Di tengah gejolak domestik, Pezeshkian mengklaim, bahwa Iran sedang berada dalam perang skala penuh dengan AS, Israel, dan Eropa. Sementara itu, Presiden AS, Donald Trump, mengatakan bahwa ekonomi Iran telah hancur akibat inflasi luar biasa.
Trump memperingatkan akan melakukan serangan balasan keras jika Teheran berupaya mempersenjatai diri kembali setelah serangan AS terhadap fasilitas nuklir Iran awal tahun ini.
"Maksud saya, saya tidak akan berbicara tentang penggulingan rezim. Mereka memiliki banyak masalah yang sedang mereka hadapi. Mereka mengalami inflasi yang luar biasa. Ekonomi mereka hancur, ekonomi mereka tidak baik. Dan saya tahu bahwa orang-orang tidak begitu senang," kata Trump, seperti dikutip ABC News, Rabu, 31 Desember 2025.
Protes besar sebelumnya terjadi pada 2022 dan 2023 setelah Mahsa Amini, perempuan 22 tahun, meninggal dalam tahanan polisi. Ribuan orang turun ke jalan, ratusan tewas, dan lebih dari 20.000 orang ditangkap. Beberapa dieksekusi. Pemerintah menyebut para demonstran sebagai perusuh yang dipengaruhi asing.

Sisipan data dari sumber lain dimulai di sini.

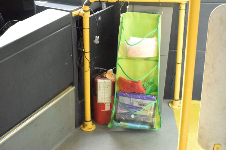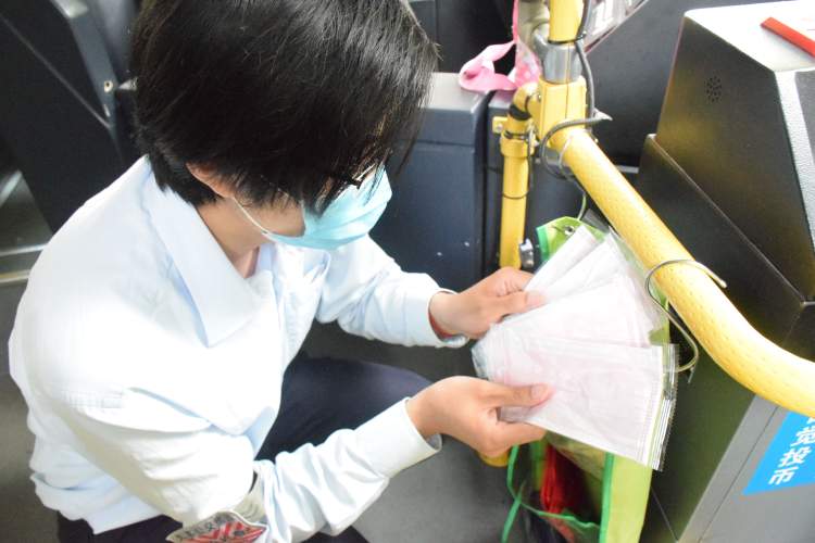 驾驶员王栩鸣告诉记者,为了迎接今天的返校开学,他早早就到岗了,第一件事就是把暖心袋挂好。“疫情期间的暖心袋除了红领巾、雨伞等,我们还配有口罩、手套、免洗洗手液、消毒湿巾等应急物品。”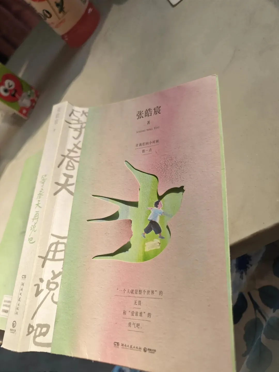 我选择了另一本书,这本书的名字叫做《等春天再说吧》我拿了这一本书,起因是因为他这本书的封皮!很童真,让我觉得这本书应该也充满了童真,看了大半本书,我觉得这个作者跟我很有共鸣,他说他看头脑特工队的时候,最感动的也是印象最深刻的是那是冰棒和乐乐一起唱小时候的童谣,让车子飞起来,可是车子终究载不下两个人的重量,于是冰棒跳下了车,乐乐一个人飞向了月球,冰棒是这个主人小时候的玩具!可是现在小主人的童真不在了,冰棒也就消失了,我一开始印象最深的也是这一段,去问了问好多人,好多人甚至都不记得这一段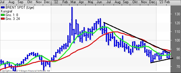 Brent Spot handles med en svagt stigende tendens. De seneste bunde er i en stigende tendens, så der er etableret en svagt stigende tendens i olien. Der er en positiv tendens i de tre indikationsmodeller på ugebasis. RSI er tæt på at 50. MACD er fortsat under middelværdien på 0. Der er en stigende tendens i Momentum på ugebasis. Nærmeste modstandsniveau er ved 90 og herefter i niveauet 95, mens der er støtte i niveauet 80 og herefter i 85. Holder fast i vores Noble i den danske portefølje.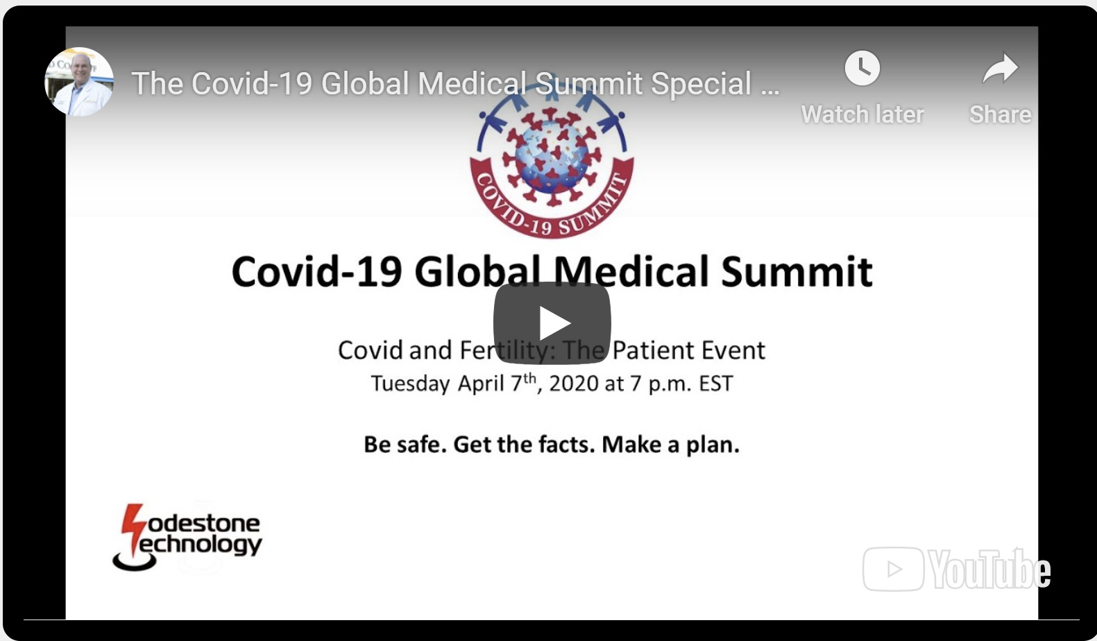 This Covid-19 Global Medical Summit is the first just for fertility patients. People who suffer from infertility have been thrown into a terrible medical bind by the Covid-19 pandemic. ASRM recently released guidelines that halted all infertility treatments in the United States.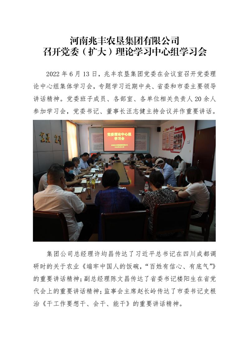 · 河南兆豐農(nóng)墾集團有限公司 召開黨委(擴大)理論學習中心組學習會

Dalam situasi yang terus memanas, Presiden Masoud Pezeshkian menyampaikan pidato di parlemen pada Minggu, 28 Desember 2025, saat membela rancangan anggaran kontroversial. RUU tersebut mengusulkan kenaikan upah sebesar 20 persen, sementara inflasi mencapai 50 persen. Pemerintah juga berencana menaikkan pajak hingga 62 persen.